Cette coupe budgétaire permettra de financer également des activités parascolaires dans le cadre de l’initiative « Du net pour la famille » de Moshe Kahlon, ministre des Finances. Le programme coûtera 4 milliards de shekels (970 millions d’euros) par an et inclura également des crédits d’impôt supplémentaires pour les parents d’enfants de moins de 6 ans, des suppléments de revenu plus importants pour les personnes qui gagnent peu, l’égalisation des crédits d’impôt pour les pères et mères qui travaillent et des réductions d’impôt sur les téléphones portables, les vêtements et les chaussures pour enfants.

Photo d’illustration de nouveaux immigrants qui arrivent à l’aéroport de Ben Gourion en Israël (Gideon Markowicz / FLASH90)

Si les propositions budgétaires sont approuvées, le budget dédié aux avantages accordés aux nouveaux immigrants sera imputé de 130 millions de shekels et des vérifications de ressources seront effectuées de sorte à s’assurer que seuls les nouveaux immigrants dont la richesse totale est inférieure à 500 000 shekels (121 272 euros) recevront une aide financière.

Un montant supplémentaire de 40 millions de shekels (9,7 millions d’euros) serait économisé sur les remboursements de TVA accordés aux touristes : ainsi, seuls 60 % de la TVA sur les biens achetés en Israël et emportés à l’étranger seraient désormais remboursés.

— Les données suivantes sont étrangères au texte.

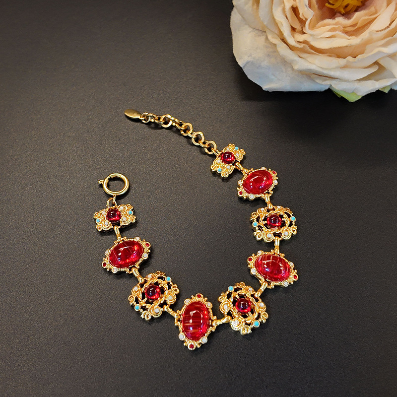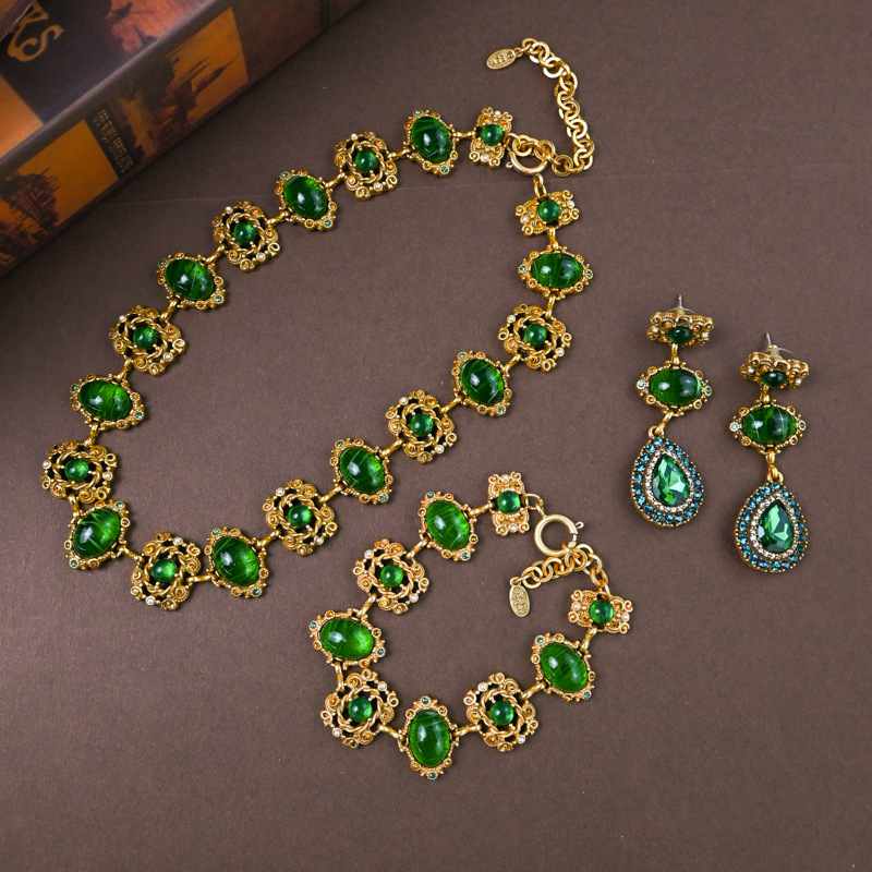 Color: green necklace, green ear studs, green bracelet, red necklace, red stud earring, red bracelet

A l’heure actuelle, les touristes bénéficient d’un remboursement intégral. Le ministère affirme que la moyenne mondiale du remboursement de TVA s’élève à 54 %.

Aussi, la somme de 1,2 milliard de shekels (291 millions d’euros) serait prélevée des bénéfices de l’Autorité aéroportuaire d’Israël. 300 millions de shekels (72,7 millions d’euros) supplémentaires seraient prélevés chaque année sur les recettes sur les frais de vol de l’AAI et sur ses autres activités commerciales.

Le budget de formation du ministère de l’Éducation serait réduit de 30 millions de shekels (7,3 millions d’euros) – 90 % de cette somme serait versée aux directeurs d’établissements afin qu’ils puissent bénéficier des mêmes services via le secteur privé – et les fonds destinés aux activités éducatives liées à la Torah et au judaïsme seraient réduits de 12 millions de shekels (2,9 millions d’euros) – 20 % du budget total. Une économie de 11 millions de shekels (2,7 millions d’euros) serait aussi proposée via l’annulation du « fonds de réserve » discrétionnaire du ministre des Affaires religieuses et par la combinaison du ministère des Affaires religieuses avec le grand rabbinat.

Le grand rabbin ashkénaze David Lau (à gauche) et le grand rabbin séfarade Yitzhak Yosef assistent à une réunion du Conseil du rabbinat à Jérusalem, le 4 novembre 2013 (Flash90)

Parmi les autres mesures proposées : une réduction de 30 % des heures supplémentaires des ouvriers fonctionnaires – hormis le personnel hospitalier – ceci dans le but d’économiser 200 millions de shekels (48,5 millions d’euros) par an ; une réduction de 10 millions de shekels dans le budget du département des implantations ; une réduction de 30 % dans le budget des cérémonies nationales (pour une économie de 5 millions de shekels, soit 1,2 million d’euros par an) ; et de nouvelles réductions sur un programme décennal de 140 millions de shekels (34 millions d’euros) par an annoncé en 2011 pour encourager les solutions énergétiques alternatives aux combustibles fossiles. Le financement de ce programme avait déjà été réduit chaque année.